2001 UCLA J.L. & Tech. Notes 1

Establishing Personal Jurisdiction in Cyberspace:
Can Anyone Govern Yahoo?
By Tim Fitzpatrick


Elements for establishing personal jurisdiction are currently based on a conception of transactions and occurrences taking place in territorial space. The internet makes possible commercial transactions between parties from two different countries with no contact other than the seller putting up a webpage on a server somewhere in the world, and the buyer accessing that page from a foreign country. Has the internet company, by posting its content, established contacts sufficient to fall within the jurisdiction of the foreign country? Where has the transaction itself taken place? The answers to these questions will depend largely on how we develop the foundations of personal jurisdiction over parties conducting transactions over the internet.

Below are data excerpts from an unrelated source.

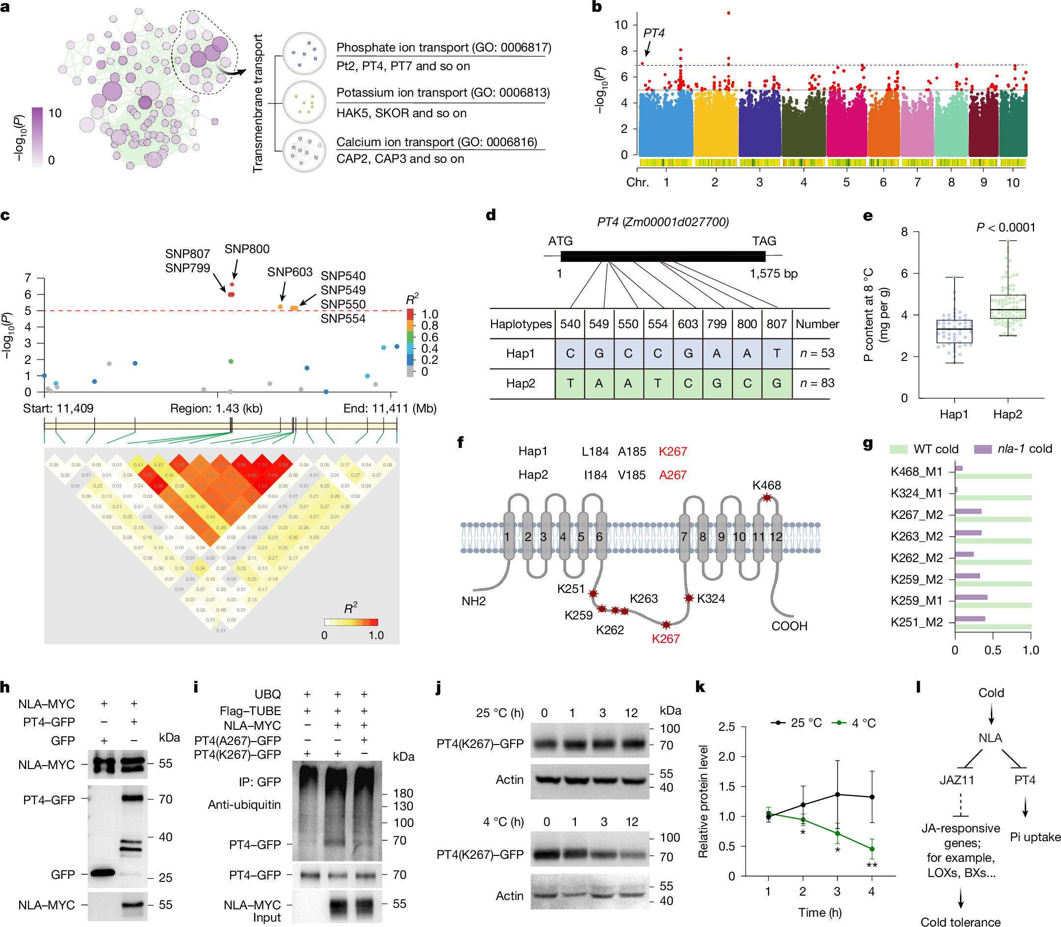 - •A natural PT4 variant (K267A) was found to increase phosphate uptake by resisting NLA-mediated degradation in cold conditions.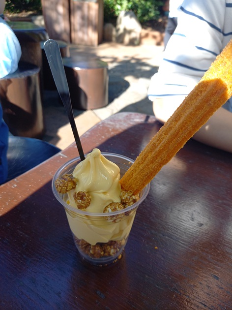 パンプキンチュロス、パンプキンソフトクリーム、キャラメルポップコーンが入っためちゃめちゃ美味しいサンデーでした😍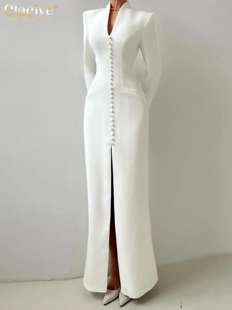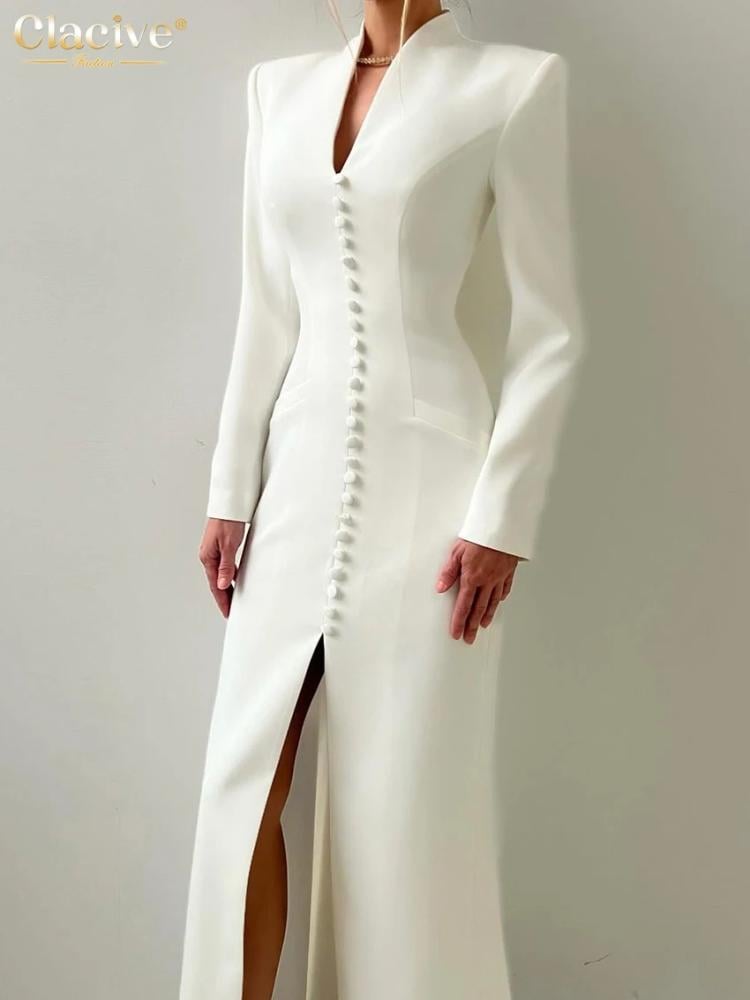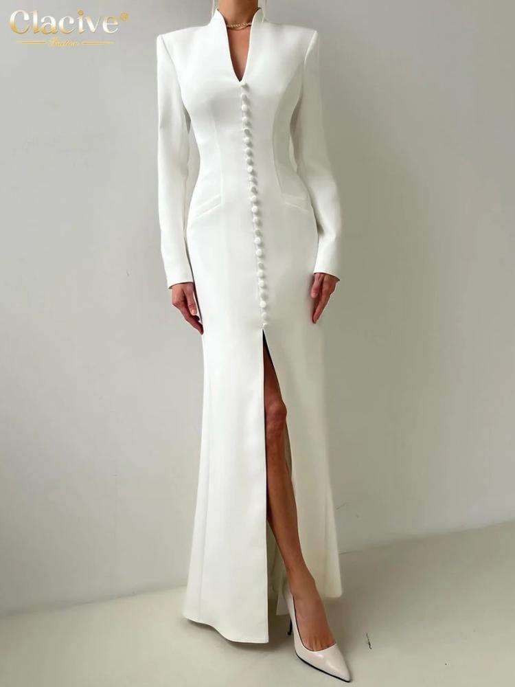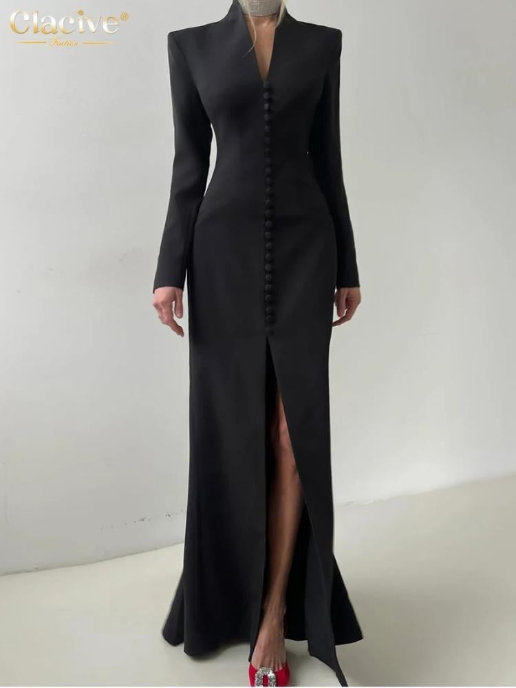 فستان سهرة طويل بأزرار أمامية ياقة V جذابة أكتاف مدعمة شق أمامي أنيق خامة فاخرة
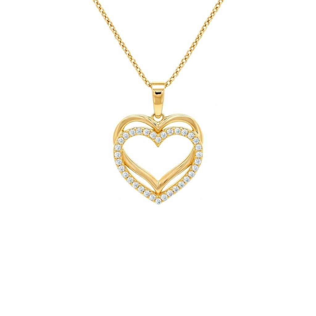 Gelbvergoldete Herz- Halskette mit weißen Zirkonia- Steinen – romantischer Anhänger mit Ankerkette für Damen

A recent set of court battles surrounding American internet company Yahoo, Inc. sheds light on the very complex and fundamental problems of establishing jurisdiction based on internet use. Both French and German courts have ruled that Yahoo must block domestic users from access to pro-Nazi websites, and auctions of Nazi memorabilia. The French court has issued a deadline for Yahoo to restrict French access to these sites or face fines of more than $14,000 per day. The German court has gone so far as to say that any website accessible from Germany is subject to German law. If this principle were to govern in all countries with internet access, the implication is that websites would be subject to the laws of every country. This would leave internet governance to an uncoordinated, anarchic set of laws fraught with contradictions and uncertainties.

Yahoo argued that these courts had no personal jurisdiction over the company, but Yahoo has complied by removing all pro-Nazi pages from its site so that no one in any country has access to them. This solution allowed Yahoo to avoid the difficult jurisdictional problem. In the case of Nazi memorabilia, only a handful will protest the removal of such unpopular content. But will it be acceptable if China outlaws falun gong sites that are legal in France? What about a US ban on offshore gambling sites? A Russian ban on a Chechen rebel webpage?

If every country is allowed to place restrictions on internet content and levy fines on companies for non-compliance, the legal infrastructure that the internet is built upon will crumble under the weight of unlimited and unsolvable conflict. On the other hand, if countries are unable to regulate the content of the internet, cyberspace can undermine the fragile social compromises reflected in the domestic constitutions and statutes like those governing pro-Nazi media in France and Germany. The challenge in establishing a governance system for the internet lies in determining when a foreign court can make a valid, binding ruling over an internet company and when it can not. The conflicts surrounding the Yahoo case foreshadow the difficulties ahead.